13.3. Spatial Data Structures¶
13.3.1. Spatial Data Structures¶
BST can take any comparable type, but is a one-dimensional key.
XY coords are 2-dimensional. Could combine? Would help for exact match, but not ranges (find in a search circle).
Could use two BSTs? Of narrow search on X? (would find everything in a vertical band, each would have to be checked for distance)
These same issues apply for any other search structure that takes a one-dimensional key.
13.3.2. KD Trees¶
KD Trees are identical to BSTs, except they store multi-dimensional data and rotate through the keys at each level.
Each level has a “discriminator” value.
The levels rotate through the dimensions of the multi-dimensional key.
13.3.3. K-D Tree Visualization¶
13.3.4. Bintree 1¶
The Bintree is similar to the KD-tree in that each level has splits and direction-finding driven by one dimension in the key, and it alternates through the dimensions.
But, the split is in the middle of the key range (image space vs. object space splitting)
The Bintree is a trie: No data at the internal nodes, and some leaf nodes can be empty.
13.3.5. Bintree 2¶
13.3.6. Bintree 2¶
13.3.7. PR Quadtrees¶
Like the Bintree, but splits in all dimensions at once.

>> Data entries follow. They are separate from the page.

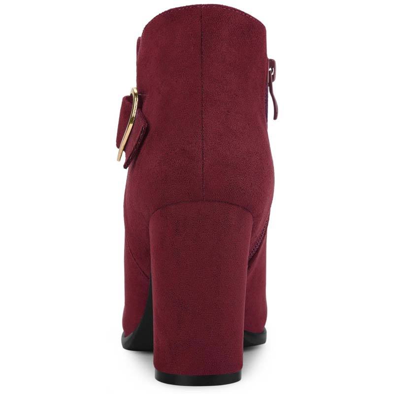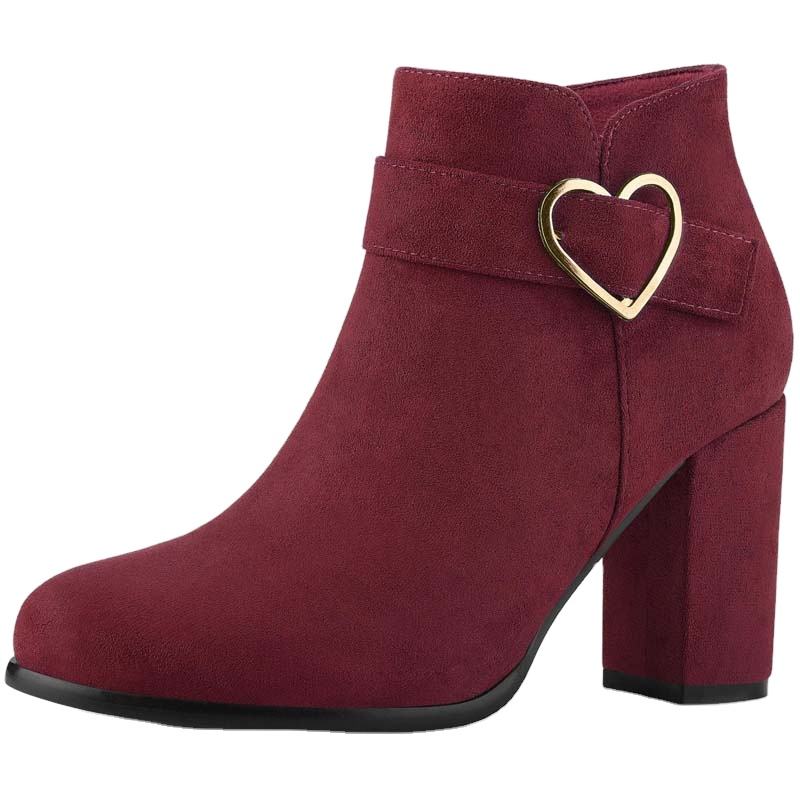 Suede Leather Custom Buckled Side Zip Fashion Women Chunky High Heel Ankle Boots Shoes:1Pair/Box,12,18,24Pairs/Carton,or As Your Requirements
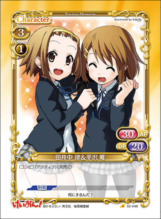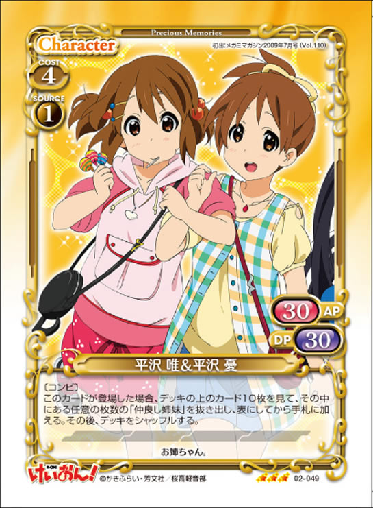 | 〔コンビ〕このカードが登場した場合、デッキの上のカード10枚を見て、その中にある任意の枚数の「仲良し姉妹」を抜き出し、表にしてから手札に加える。その後、デッキをシャッフルする。 | ||
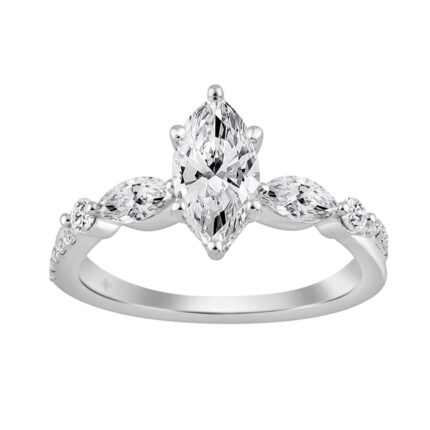 14K WHITE GOLD 1 3/4CT MARQUISE/ROUND DIAMOND LADIES RING (CENTER STONE MARQUISE DIAMOND 1 1/2CT)
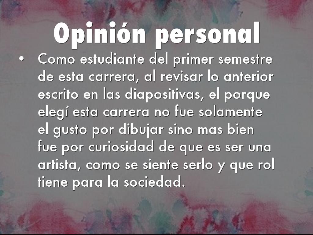 Como estudiante del primer semestre de esta carrera, al revisar lo anterior escrito en las diapositivas, el porque elegí esta carrera no fue solamente el gusto por dibujar sino mas bien fue por curiosidad de que es ser una artista, como se siente serlo y que rol tiene para la sociedad.
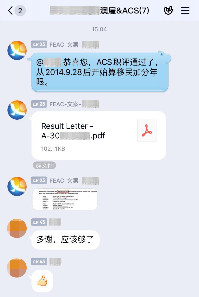 在做職評前期,客戶對ACS職業的選擇猶豫不定,根據anzsco描述認為自己符合多個職業的職責,經過飛克文案與客戶的反復溝通與各個職業的定義解釋,客戶有了一定的了解,充分相信文案工作,積極配合。文案根據客戶的實際工作情況撰寫推薦信并準備工作證明材料,在兩周內高效完成準備工作并幫客戶遞交了申請,最終通過ACS評估拿到了令客戶滿意的職評結果。

For two dimensions, this means 4 children (three dimensions would mean 8 children).
Some similarity to DNA trees.
13.3.8. Point Quadtree¶
Like PR Quadtree, but using Object Space Decomposition.
Not a trie
Fills out our last data structure in the design space.
13.3.9. Extending the Concept¶
Spatial data structures have a Decomposition Rule.
The rule might be to allow more than one point in a node.
13.3.10. Going Beyond Points¶
We can store any objects, not just points.
A sensible decomposition rule can make this efficient.
For example, we could store boxes in 2D.
But what about boxes that overlap? Splitting can’t separate them.
So, the system has to allow for an arbirary number of overlapping boxes.
Since we need to allow for storing a list of boxes anyway, we might as well allow more than one even when there is no split.
Example rule: A node can store a list of up to three boxes, or as many boxes as required if they all share a common intersection.
If the boxes in the node violate this rule, then split it (during insertion).
If an internal node has two leaf children that, together, pass the rule, then merge them (on deletion).
This approach supports efficient detection of box intersections.